# REQUIRED ACTION
Restate verbatim the span of lines below between the line with "- <添加>:选中项目信息对" and the line with "Braccialetto in pietre", including those two lines, and only that span.

# EXERCISE MATERIALS
# # # #
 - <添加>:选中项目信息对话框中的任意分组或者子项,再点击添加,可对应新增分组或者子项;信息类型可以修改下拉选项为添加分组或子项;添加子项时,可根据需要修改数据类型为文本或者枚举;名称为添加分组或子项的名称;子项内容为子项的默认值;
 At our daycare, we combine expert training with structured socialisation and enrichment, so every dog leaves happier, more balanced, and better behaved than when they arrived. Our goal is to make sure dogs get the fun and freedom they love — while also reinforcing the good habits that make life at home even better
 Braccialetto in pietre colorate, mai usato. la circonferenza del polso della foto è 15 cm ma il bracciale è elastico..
# # # #
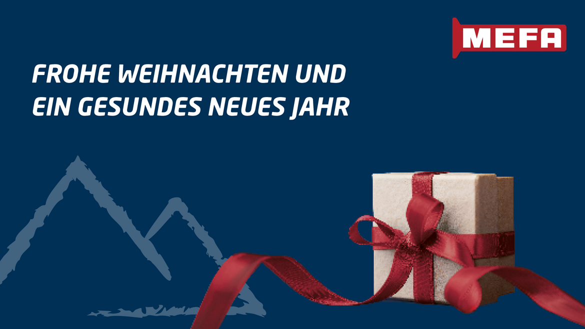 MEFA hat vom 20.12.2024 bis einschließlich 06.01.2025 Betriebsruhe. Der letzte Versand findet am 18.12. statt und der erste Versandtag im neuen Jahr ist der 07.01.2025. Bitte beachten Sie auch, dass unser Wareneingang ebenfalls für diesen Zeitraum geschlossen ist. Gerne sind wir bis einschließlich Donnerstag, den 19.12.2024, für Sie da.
# # # #
# RESPONSE FOR THIS EXERCISE
 - <添加>:选中项目信息对话框中的任意分组或者子项,再点击添加,可对应新增分组或者子项;信息类型可以修改下拉选项为添加分组或子项;添加子项时,可根据需要修改数据类型为文本或者枚举;名称为添加分组或子项的名称;子项内容为子项的默认值;
 At our daycare, we combine expert training with structured socialisation and enrichment, so every dog leaves happier, more balanced, and better behaved than when they arrived. Our goal is to make sure dogs get the fun and freedom they love — while also reinforcing the good habits that make life at home even better
 Braccialetto in pietre colorate, mai usato. la circonferenza del polso della foto è 15 cm ma il bracciale è elastico..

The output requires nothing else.